● WHAT IS REQUIRED
Please restate each line of the data below exactly. Omit all images.

-*-*-

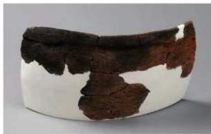
8 H-6出土土器 (第191图241)
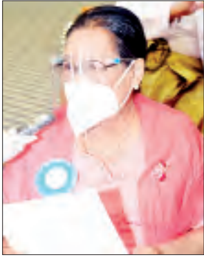
စာရေးဆရာမကြီး နတ်မောက်အနီချို
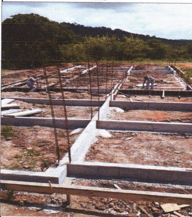
ARMAÇÃO FÔRMA E CONCRETAGEM
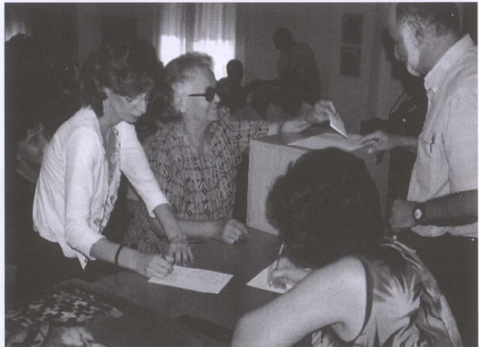
Φωτογραφία από τις εκλογές του συλλόγου
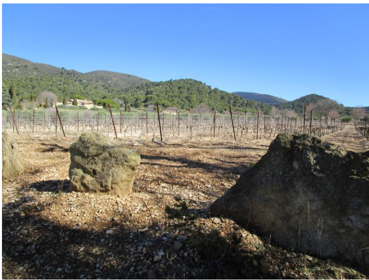
Vue vers le Nord (vignes et Grand Luberon) – photo du 13.03.2018
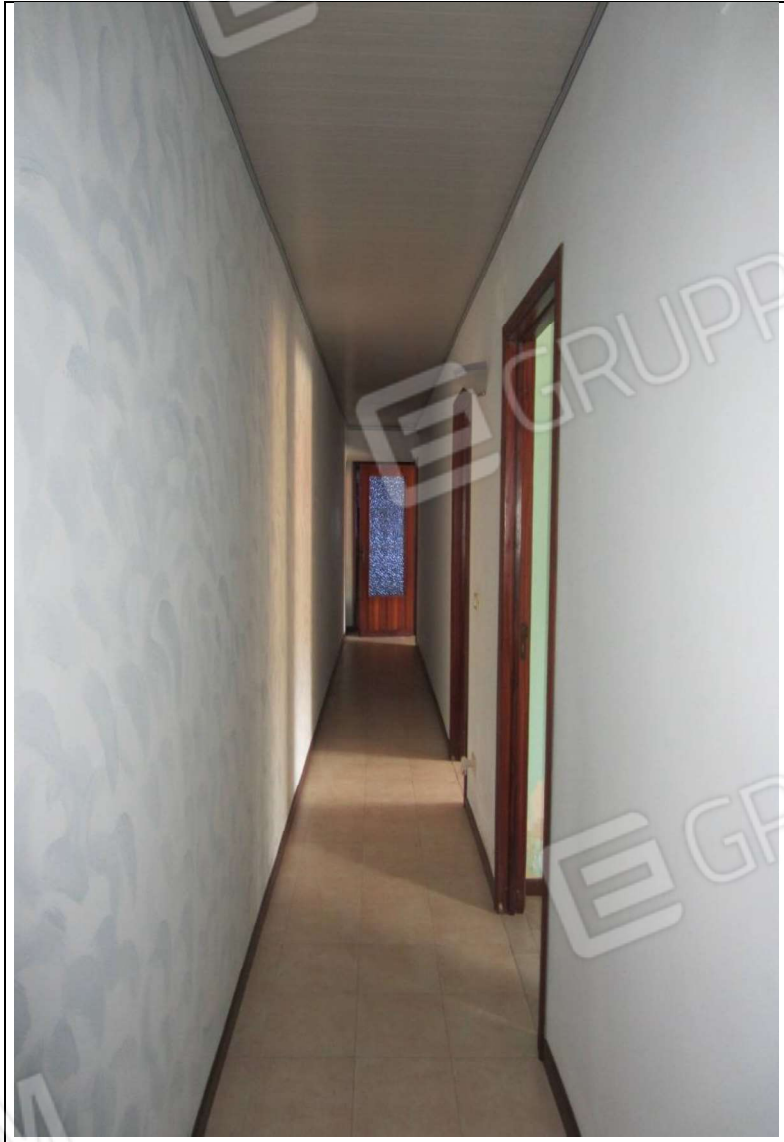
INTERNO UNITA' MAPP. 239 SUB 7 - PIANO PRIMO
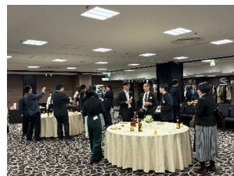
※昨年度の北海道地区懇親会の様子

日時：令和8年9月15日（火）18:30～20:30 場所：TKP ガーデンシティ PREMIUM 品川 HEART （東京都 港区港南 1-8-23 Shinagawa HEART 8階）
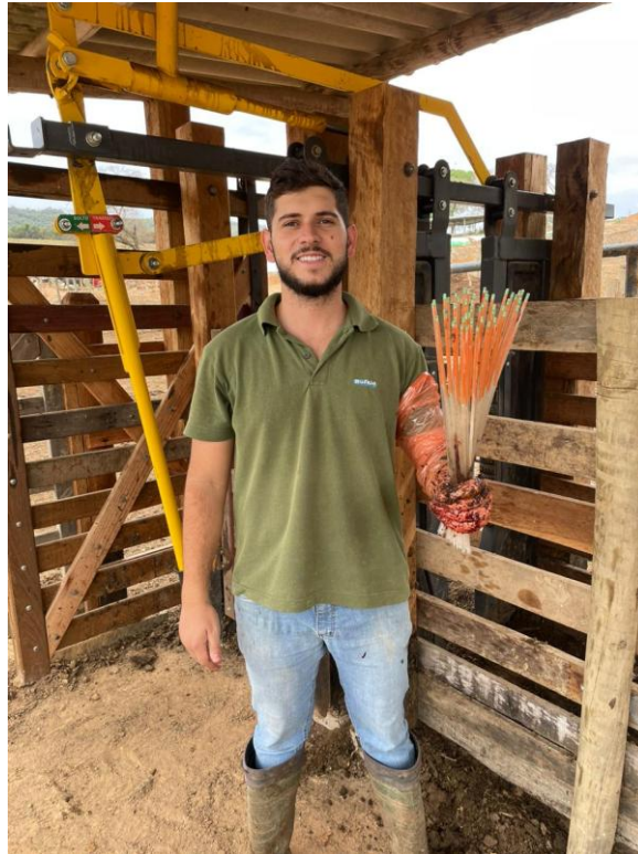
Figura 7: Material utilizado no manejo reprodutivo de búfalas leiteiras.

-*-*-

● SOLUTION FOR THIS TASK
8 H-6出土土器 (第191图241)
စာရေးဆရာမကြီး နတ်မောက်အနီချို
ARMAÇÃO FÔRMA E CONCRETAGEM
Φωτογραφία από τις εκλογές του συλλόγου
Vue vers le Nord (vignes et Grand Luberon) – photo du 13.03.2018
INTERNO UNITA' MAPP. 239 SUB 7 - PIANO PRIMO
※昨年度の北海道地区懇親会の様子

日時：令和8年9月15日（火）18:30～20:30 場所：TKP ガーデンシティ PREMIUM 品川 HEART （東京都 港区港南 1-8-23 Shinagawa HEART 8階）
Figura 7: Material utilizado no manejo reprodutivo de búfalas leiteiras.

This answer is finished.